## Collected data
|---|
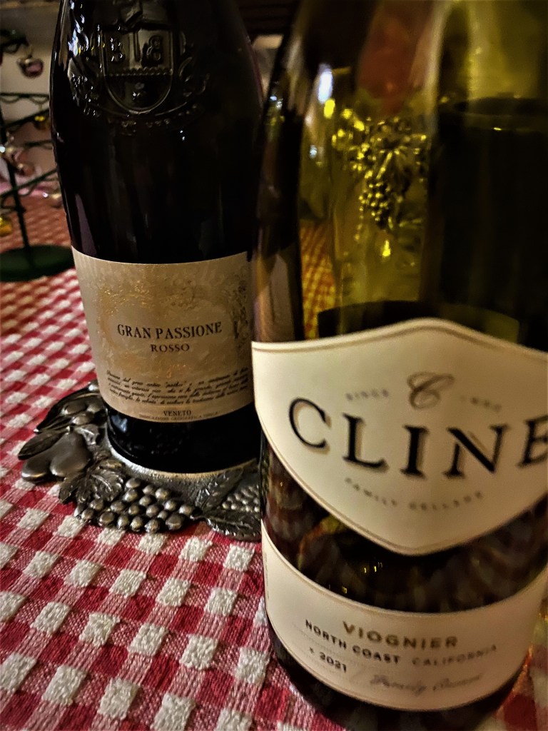 MFor the beverages we went with two of our latest go-to wines to make sure that we had enough, the idea of running out, just sounds terrible. For the white wine drinkers, we had Cline Family Cellars “Seven Ranchlands” Viognier North Coast 2021. Cline Family Cellars is a producer based in Carneros and known for Zinfandel and Rhone varieties and established in 1982 in Oakley. Fred Cline is one of the original Rhone Rangers of California. The “Seven Ranchlands” is a way of honoring both the seven children of the Cline family, and the seven vineyard ranches. The fruit for this wine is from the Catapult Ranch Vineyard in the Petaluma Gap, and the balance is from the Diamond Pile Vineyard at the base of the Wild Cat Mountain. The grapes are handpicked at night, where they are destemmed and pressed, and allowed to settle for forty-eight hours before racking. The Catapult portion was inoculated with wild yeast, while the Diamond Pile portion was allowed to ferment naturally in barrels. After fermentation, the wine was aged in neutral French Oak for six months before blending and bottling. The wine offers notes of mango, guava pineapple. On the palate tones of dried apricots, pears and banana in a full-bodied wine with nice acidity. And for the red wine drinkers Gran Passione Rosso Veneto 2020 a limited production wine made by Cantine Bertoldi. Cantine Bertoldi is known for their Valpolicella and Amarone wines. They were founded in 1932 and several generations later they now own fifty acres of hand-cared vineyards. They are now part of the larger umbrella wine producer and distributor Casa Vinicola Botter. They began in 1928 selling local Veneto wines. After World War II, they moved onto bottled wines and started exporting. Now in their third generation, ninety percent of their business is done overseas. The soil of the estate is basically clay, and this wine is a blend of sixty percent Merlot and forty percent Corvina. The grapes selected for this wine are hand selected and harvested, allowing for the grapes to dry on the vine, reducing the weight by about fifty percent. This technique is in the tradition of Apassimento (to dry and shrivel), just like how Amarone is made. After harvest, the over-ripe grapes are destemmed and undergo maceration and fermentation for fifteen days on the skins, and then malolactic fermentation occurs in the barrel aging. The wine is an intense purple color with notes of black raspberry puree, black cherry, cassis, black tea and dried violet blossoms. On the palate the wine is a medium-bodied red with intense flavors, medium acidity and medium tannins.
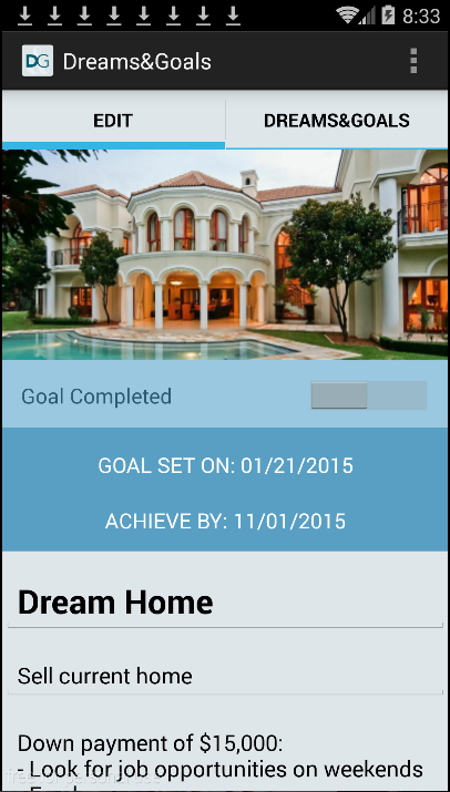 The Dreams&Goals app is an open tool for you to clearly state and visualize your dreams/goals in an easy-to-use timeline format. Every entry you input is added to your timeline and fully editable by you. Many say that the key to success is to keep your vision in front of you at all times, and now you can see your dreams/goals every time you turn on your phone.
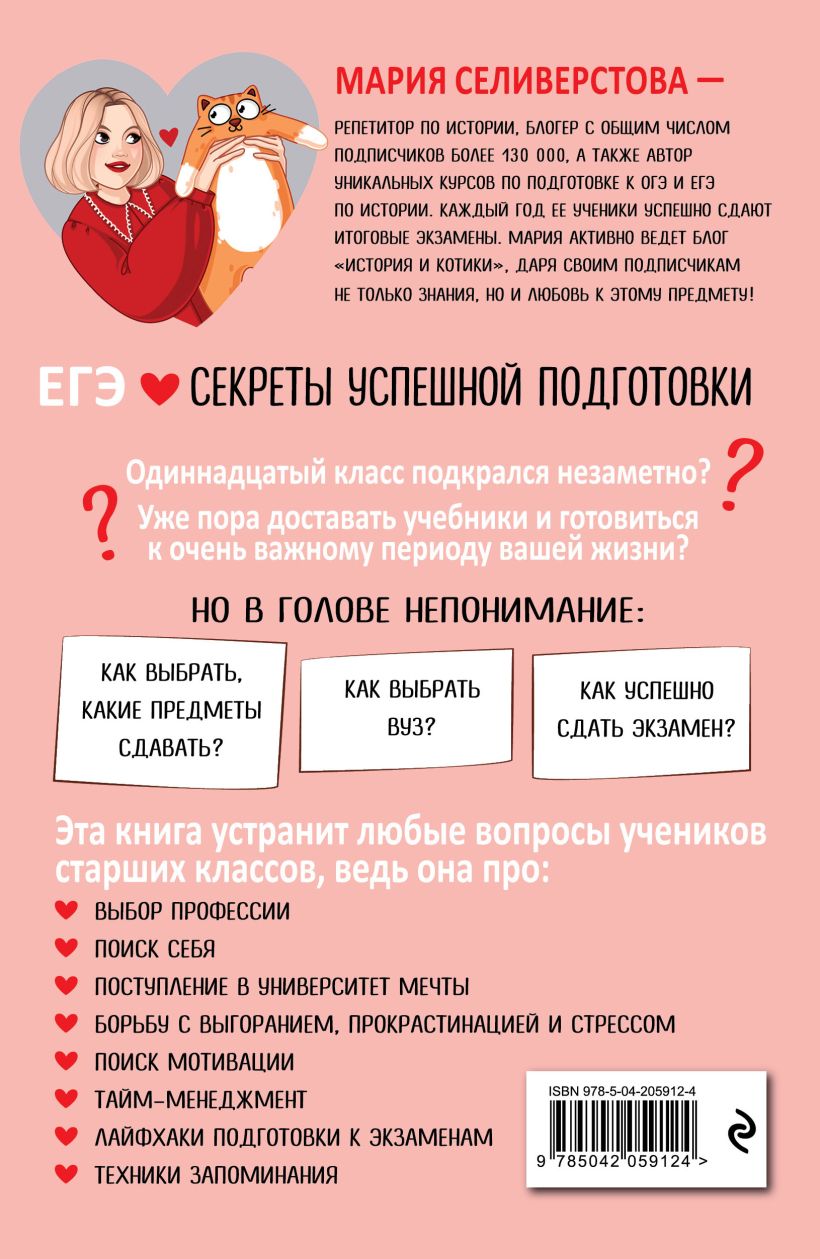 Автор Мария Селиверстова — репетитор со стажем, блогер с общим числом подписчиков более 130 000, а также основатель онлайн-школы «История и котики»! Она знает из собственной практики, как сдать ОГЭ и ЕГЭ успешно и без малейшего стресса. Авторские техники и лайфхаки Марии, изложенные в пособии, точно станут той самой палочкой-выручалочкой для каждого ученика 10-11 классов!
|---|
## Goal of the exercise
The expected answer is the whole listing above, copied exactly, with images excluded.

## Answer area
 MFor the beverages we went with two of our latest go-to wines to make sure that we had enough, the idea of running out, just sounds terrible. For the white wine drinkers, we had Cline Family Cellars “Seven Ranchlands” Viognier North Coast 2021. Cline Family Cellars is a producer based in Carneros and known for Zinfandel and Rhone varieties and established in 1982 in Oakley. Fred Cline is one of the original Rhone Rangers of California. The “Seven Ranchlands” is a way of honoring both the seven children of the Cline family, and the seven vineyard ranches. The fruit for this wine is from the Catapult Ranch Vineyard in the Petaluma Gap, and the balance is from the Diamond Pile Vineyard at the base of the Wild Cat Mountain. The grapes are handpicked at night, where they are destemmed and pressed, and allowed to settle for forty-eight hours before racking. The Catapult portion was inoculated with wild yeast, while the Diamond Pile portion was allowed to ferment naturally in barrels. After fermentation, the wine was aged in neutral French Oak for six months before blending and bottling. The wine offers notes of mango, guava pineapple. On the palate tones of dried apricots, pears and banana in a full-bodied wine with nice acidity. And for the red wine drinkers Gran Passione Rosso Veneto 2020 a limited production wine made by Cantine Bertoldi. Cantine Bertoldi is known for their Valpolicella and Amarone wines. They were founded in 1932 and several generations later they now own fifty acres of hand-cared vineyards. They are now part of the larger umbrella wine producer and distributor Casa Vinicola Botter. They began in 1928 selling local Veneto wines. After World War II, they moved onto bottled wines and started exporting. Now in their third generation, ninety percent of their business is done overseas. The soil of the estate is basically clay, and this wine is a blend of sixty percent Merlot and forty percent Corvina. The grapes selected for this wine are hand selected and harvested, allowing for the grapes to dry on the vine, reducing the weight by about fifty percent. This technique is in the tradition of Apassimento (to dry and shrivel), just like how Amarone is made. After harvest, the over-ripe grapes are destemmed and undergo maceration and fermentation for fifteen days on the skins, and then malolactic fermentation occurs in the barrel aging. The wine is an intense purple color with notes of black raspberry puree, black cherry, cassis, black tea and dried violet blossoms. On the palate the wine is a medium-bodied red with intense flavors, medium acidity and medium tannins.
 The Dreams&Goals app is an open tool for you to clearly state and visualize your dreams/goals in an easy-to-use timeline format. Every entry you input is added to your timeline and fully editable by you. Many say that the key to success is to keep your vision in front of you at all times, and now you can see your dreams/goals every time you turn on your phone.
 Автор Мария Селиверстова — репетитор со стажем, блогер с общим числом подписчиков более 130 000, а также основатель онлайн-школы «История и котики»! Она знает из собственной практики, как сдать ОГЭ и ЕГЭ успешно и без малейшего стресса. Авторские техники и лайфхаки Марии, изложенные в пособии, точно станут той самой палочкой-выручалочкой для каждого ученика 10-11 классов!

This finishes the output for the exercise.